The full listing, copied exactly and free of pictures, is the expected reply.

*Supplied material*:
____

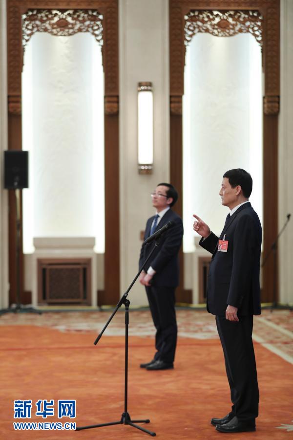 3月8日,第十三屆全國(guó)人民代表大會(huì)第四次會(huì)議舉行第二場(chǎng)“部長(zhǎng)通道”采訪活動(dòng)。這是商務(wù)部部長(zhǎng)王文濤(右)通過(guò)網(wǎng)絡(luò)視頻方式接受采訪。
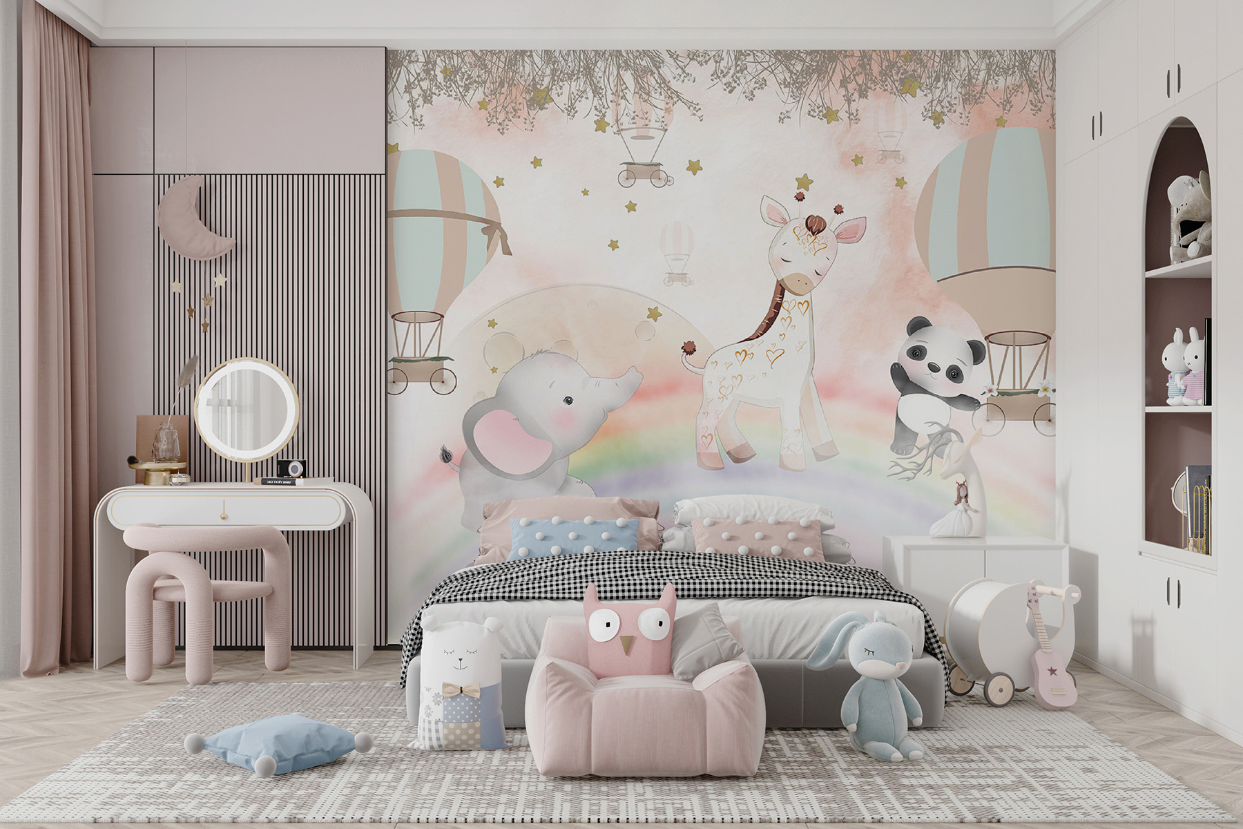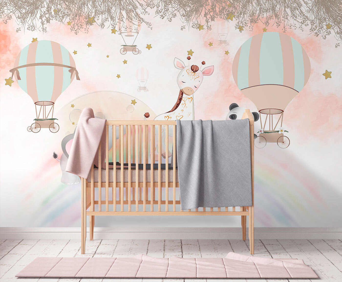 Rozjasněte dětský pokoj touto okouzlující nástěnnou malbou horkovzdušného balónu! Představte si snovou oblohu plnou rozmarných balónků, které se vznášejí nad roztomilými zvířátky – okouzlující žirafou, hravou pandou a roztomilým sloníkem. Je to scéna, která vybízí k dobrodružství a podněcuje fantazii. Jen si představte, jak se na ni malé děti dívají, odnášejí se do říše snů a sní o tom, jak se vznášejí vysoko nad mraky. Jemné barvy vytvářejí útulnou atmosféru, ideální pro plyšové pohádky před spaním. Tato nástěnná malba není jen dekorací, je to brána do světa fantazie. Kdo by se nechtěl připojit k těmto letům balonem? Promění každý prostor v hravé útočiště!
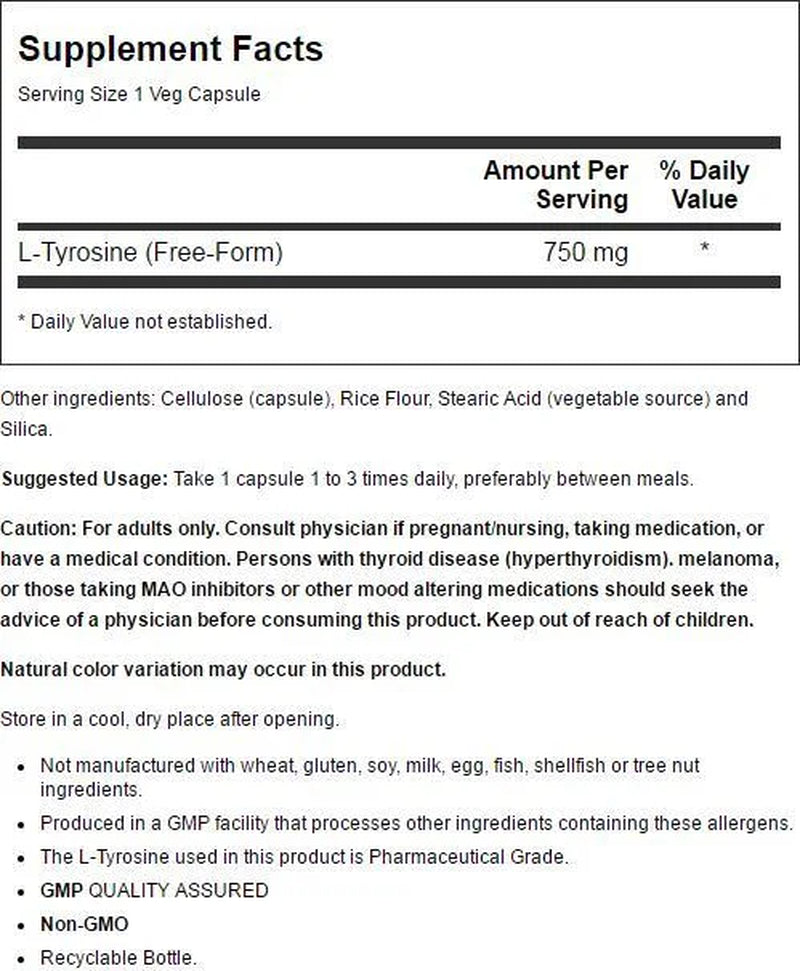 - PHARMACEUTICAL GRADE/HEALTHY GLANDULAR FUNCTION*: L-Tyrosine is especially critical for the normal function of the thyroid gland.*

____

*Reply to the exercise*:
 3月8日,第十三屆全國(guó)人民代表大會(huì)第四次會(huì)議舉行第二場(chǎng)“部長(zhǎng)通道”采訪活動(dòng)。這是商務(wù)部部長(zhǎng)王文濤(右)通過(guò)網(wǎng)絡(luò)視頻方式接受采訪。
 Rozjasněte dětský pokoj touto okouzlující nástěnnou malbou horkovzdušného balónu! Představte si snovou oblohu plnou rozmarných balónků, které se vznášejí nad roztomilými zvířátky – okouzlující žirafou, hravou pandou a roztomilým sloníkem. Je to scéna, která vybízí k dobrodružství a podněcuje fantazii. Jen si představte, jak se na ni malé děti dívají, odnášejí se do říše snů a sní o tom, jak se vznášejí vysoko nad mraky. Jemné barvy vytvářejí útulnou atmosféru, ideální pro plyšové pohádky před spaním. Tato nástěnná malba není jen dekorací, je to brána do světa fantazie. Kdo by se nechtěl připojit k těmto letům balonem? Promění každý prostor v hravé útočiště!
 - PHARMACEUTICAL GRADE/HEALTHY GLANDULAR FUNCTION*: L-Tyrosine is especially critical for the normal function of the thyroid gland.*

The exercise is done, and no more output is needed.